**SOURCE DATA:**
**********

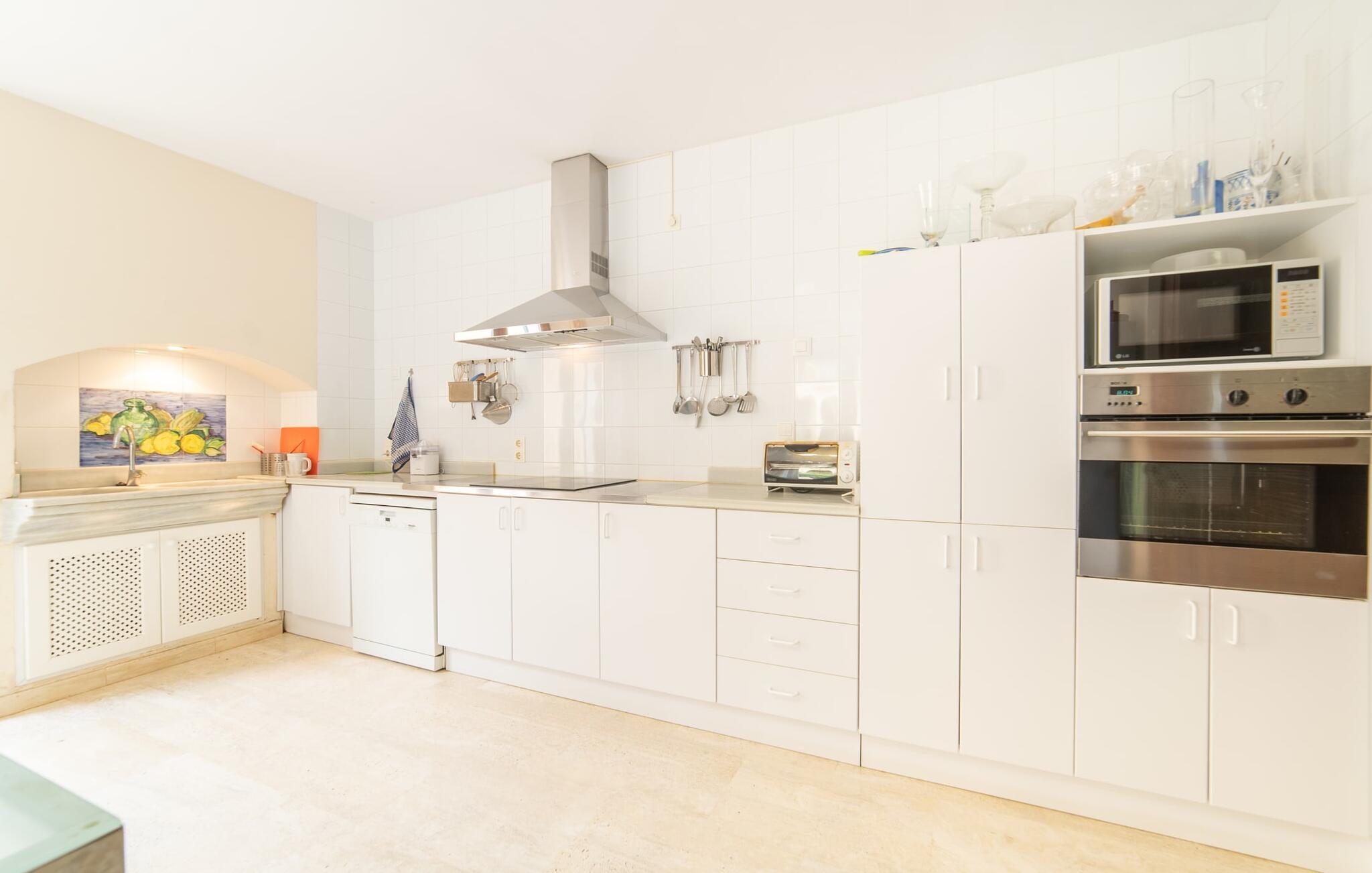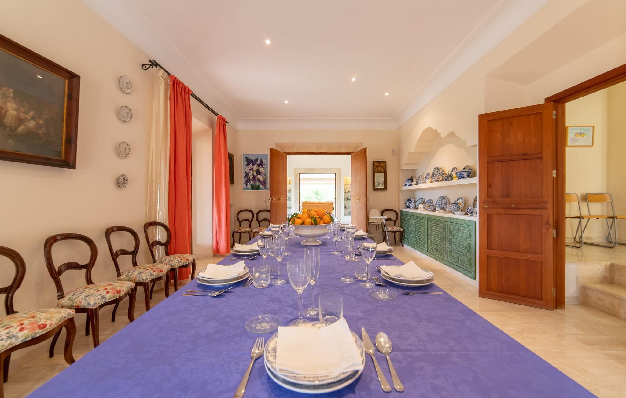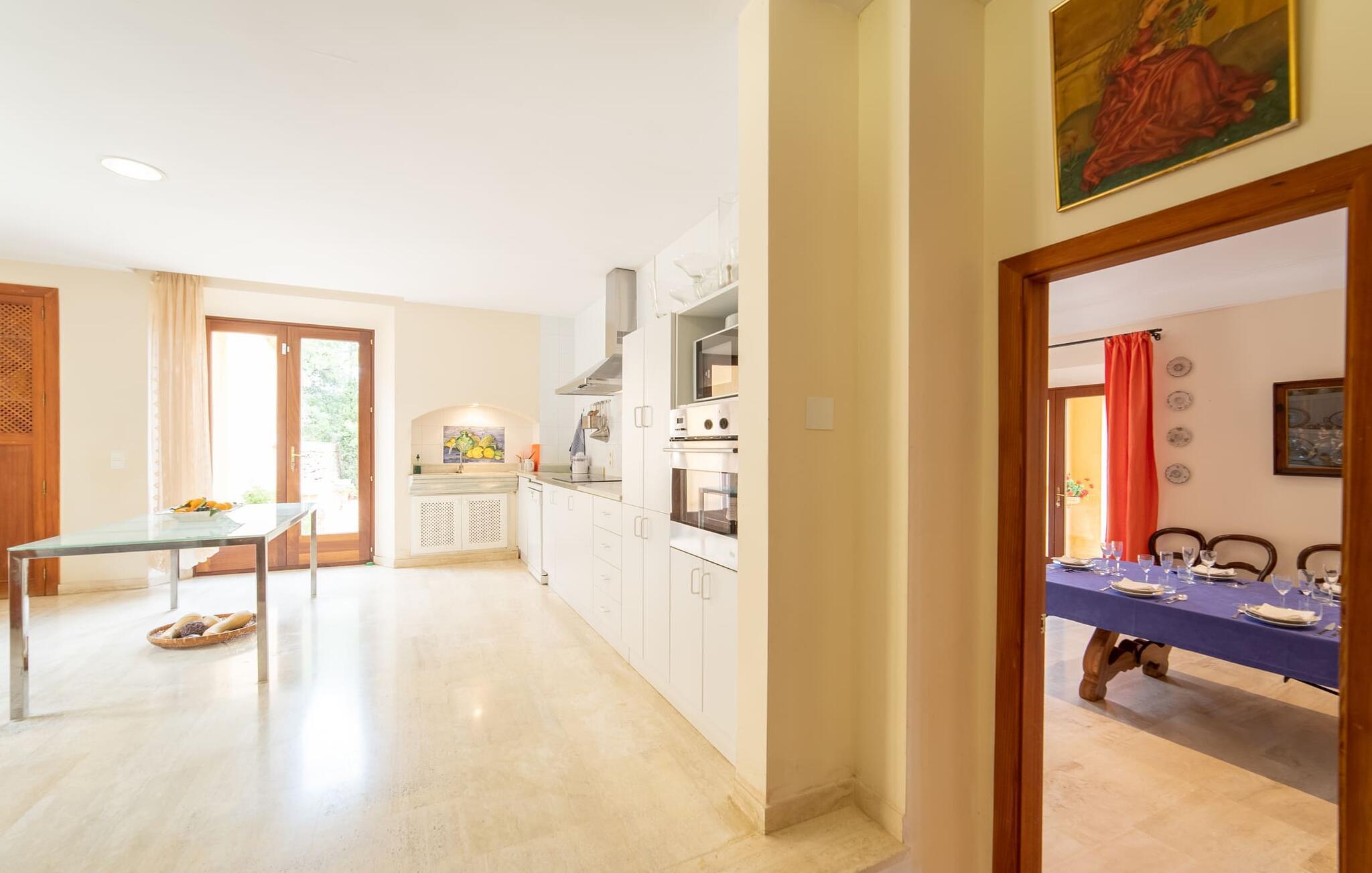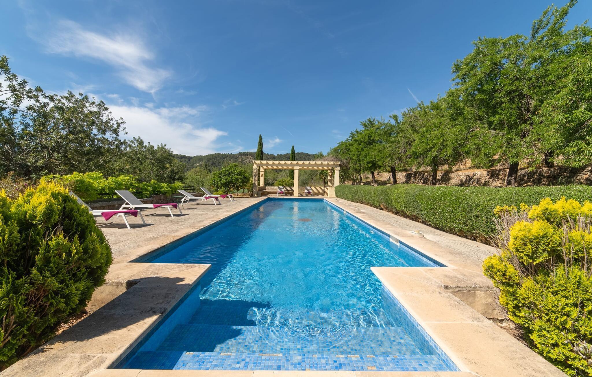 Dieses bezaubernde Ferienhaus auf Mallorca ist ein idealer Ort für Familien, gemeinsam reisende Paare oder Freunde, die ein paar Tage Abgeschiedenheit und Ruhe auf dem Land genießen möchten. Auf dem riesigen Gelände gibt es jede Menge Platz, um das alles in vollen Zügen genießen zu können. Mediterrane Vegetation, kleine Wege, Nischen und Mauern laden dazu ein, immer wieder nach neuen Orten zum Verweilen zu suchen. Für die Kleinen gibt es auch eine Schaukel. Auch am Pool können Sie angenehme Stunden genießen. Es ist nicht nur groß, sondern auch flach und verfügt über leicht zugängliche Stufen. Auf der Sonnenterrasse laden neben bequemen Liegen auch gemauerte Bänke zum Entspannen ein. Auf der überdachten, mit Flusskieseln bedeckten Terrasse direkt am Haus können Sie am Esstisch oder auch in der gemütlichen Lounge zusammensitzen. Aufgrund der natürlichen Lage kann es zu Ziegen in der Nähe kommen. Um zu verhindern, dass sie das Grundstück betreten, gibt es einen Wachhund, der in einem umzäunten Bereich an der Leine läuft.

**********

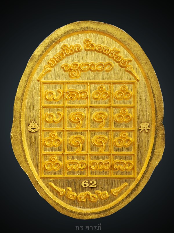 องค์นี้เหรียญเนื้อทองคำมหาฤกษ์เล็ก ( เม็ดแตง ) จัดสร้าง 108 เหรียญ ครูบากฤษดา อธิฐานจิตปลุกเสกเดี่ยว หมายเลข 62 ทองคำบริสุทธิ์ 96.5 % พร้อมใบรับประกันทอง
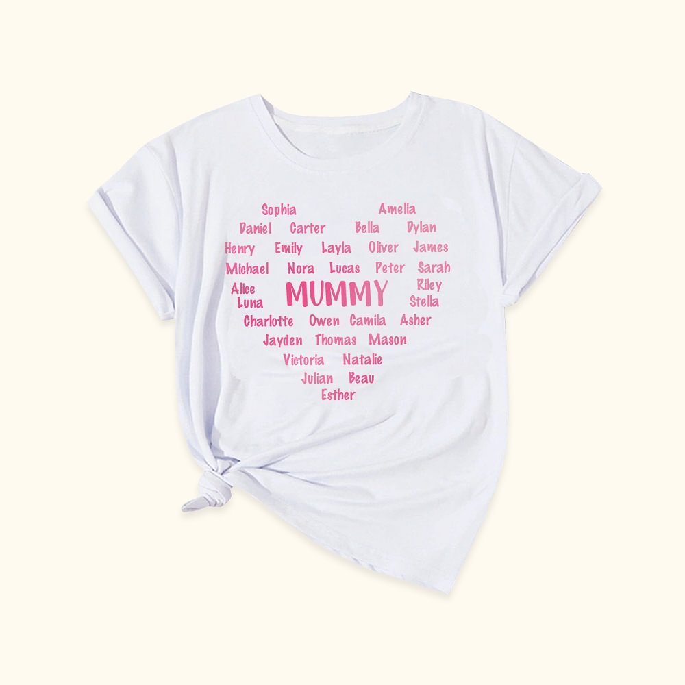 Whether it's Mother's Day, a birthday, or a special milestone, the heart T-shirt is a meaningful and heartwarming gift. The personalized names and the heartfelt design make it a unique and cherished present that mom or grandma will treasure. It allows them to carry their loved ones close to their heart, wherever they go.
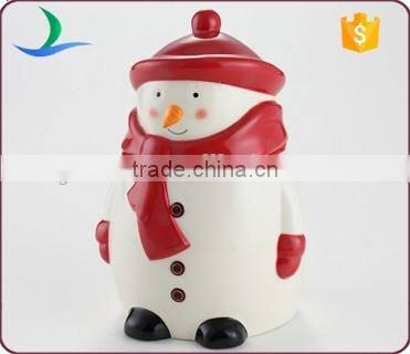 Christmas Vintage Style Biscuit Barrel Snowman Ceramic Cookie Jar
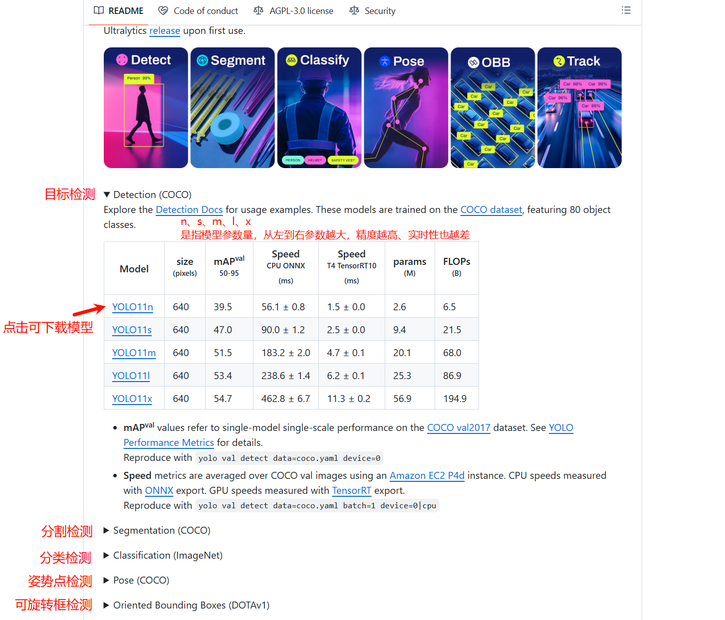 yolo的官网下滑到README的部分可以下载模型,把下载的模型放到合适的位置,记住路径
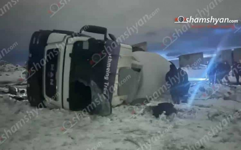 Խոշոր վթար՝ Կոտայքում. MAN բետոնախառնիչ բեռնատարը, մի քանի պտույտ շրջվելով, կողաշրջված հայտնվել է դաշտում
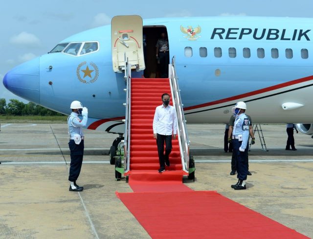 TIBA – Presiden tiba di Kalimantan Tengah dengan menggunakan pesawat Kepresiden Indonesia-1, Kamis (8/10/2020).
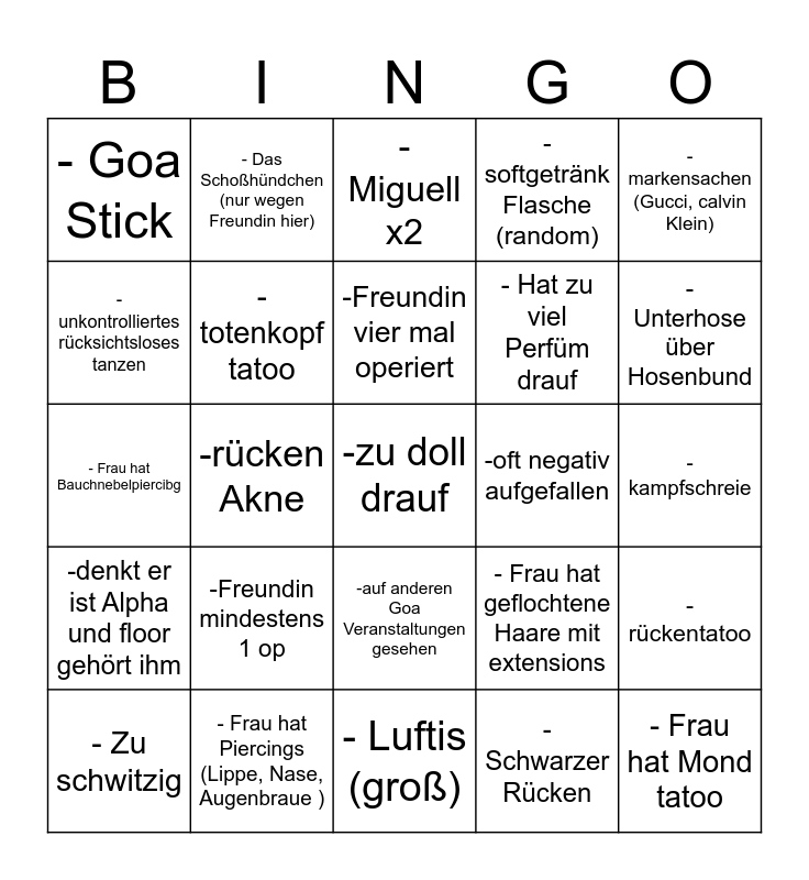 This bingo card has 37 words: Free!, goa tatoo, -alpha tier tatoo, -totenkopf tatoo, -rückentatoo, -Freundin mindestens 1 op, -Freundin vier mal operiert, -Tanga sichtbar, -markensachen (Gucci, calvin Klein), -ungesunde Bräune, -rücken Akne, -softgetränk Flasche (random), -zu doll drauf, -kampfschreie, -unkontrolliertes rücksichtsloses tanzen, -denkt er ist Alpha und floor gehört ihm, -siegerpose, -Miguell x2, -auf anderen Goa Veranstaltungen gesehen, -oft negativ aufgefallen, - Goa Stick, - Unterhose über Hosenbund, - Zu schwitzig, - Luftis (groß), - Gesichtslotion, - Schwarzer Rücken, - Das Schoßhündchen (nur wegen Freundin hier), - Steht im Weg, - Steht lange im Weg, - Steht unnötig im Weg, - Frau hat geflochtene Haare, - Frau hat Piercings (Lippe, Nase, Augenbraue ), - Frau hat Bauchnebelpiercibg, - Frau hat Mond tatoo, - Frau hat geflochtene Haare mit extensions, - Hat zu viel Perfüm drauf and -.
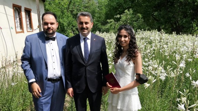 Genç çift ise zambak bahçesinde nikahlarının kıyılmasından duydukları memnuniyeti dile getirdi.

**********

**EXERCISE DESCRIPTION:** Output only the stretch above from the line with "This bingo card" through the line with "Genç çift ise", reproduced exactly. Exclude pictures.

**RESPONSE BELOW:**
 This bingo card has 37 words: Free!, goa tatoo, -alpha tier tatoo, -totenkopf tatoo, -rückentatoo, -Freundin mindestens 1 op, -Freundin vier mal operiert, -Tanga sichtbar, -markensachen (Gucci, calvin Klein), -ungesunde Bräune, -rücken Akne, -softgetränk Flasche (random), -zu doll drauf, -kampfschreie, -unkontrolliertes rücksichtsloses tanzen, -denkt er ist Alpha und floor gehört ihm, -siegerpose, -Miguell x2, -auf anderen Goa Veranstaltungen gesehen, -oft negativ aufgefallen, - Goa Stick, - Unterhose über Hosenbund, - Zu schwitzig, - Luftis (groß), - Gesichtslotion, - Schwarzer Rücken, - Das Schoßhündchen (nur wegen Freundin hier), - Steht im Weg, - Steht lange im Weg, - Steht unnötig im Weg, - Frau hat geflochtene Haare, - Frau hat Piercings (Lippe, Nase, Augenbraue ), - Frau hat Bauchnebelpiercibg, - Frau hat Mond tatoo, - Frau hat geflochtene Haare mit extensions, - Hat zu viel Perfüm drauf and -.
 Genç çift ise zambak bahçesinde nikahlarının kıyılmasından duydukları memnuniyeti dile getirdi.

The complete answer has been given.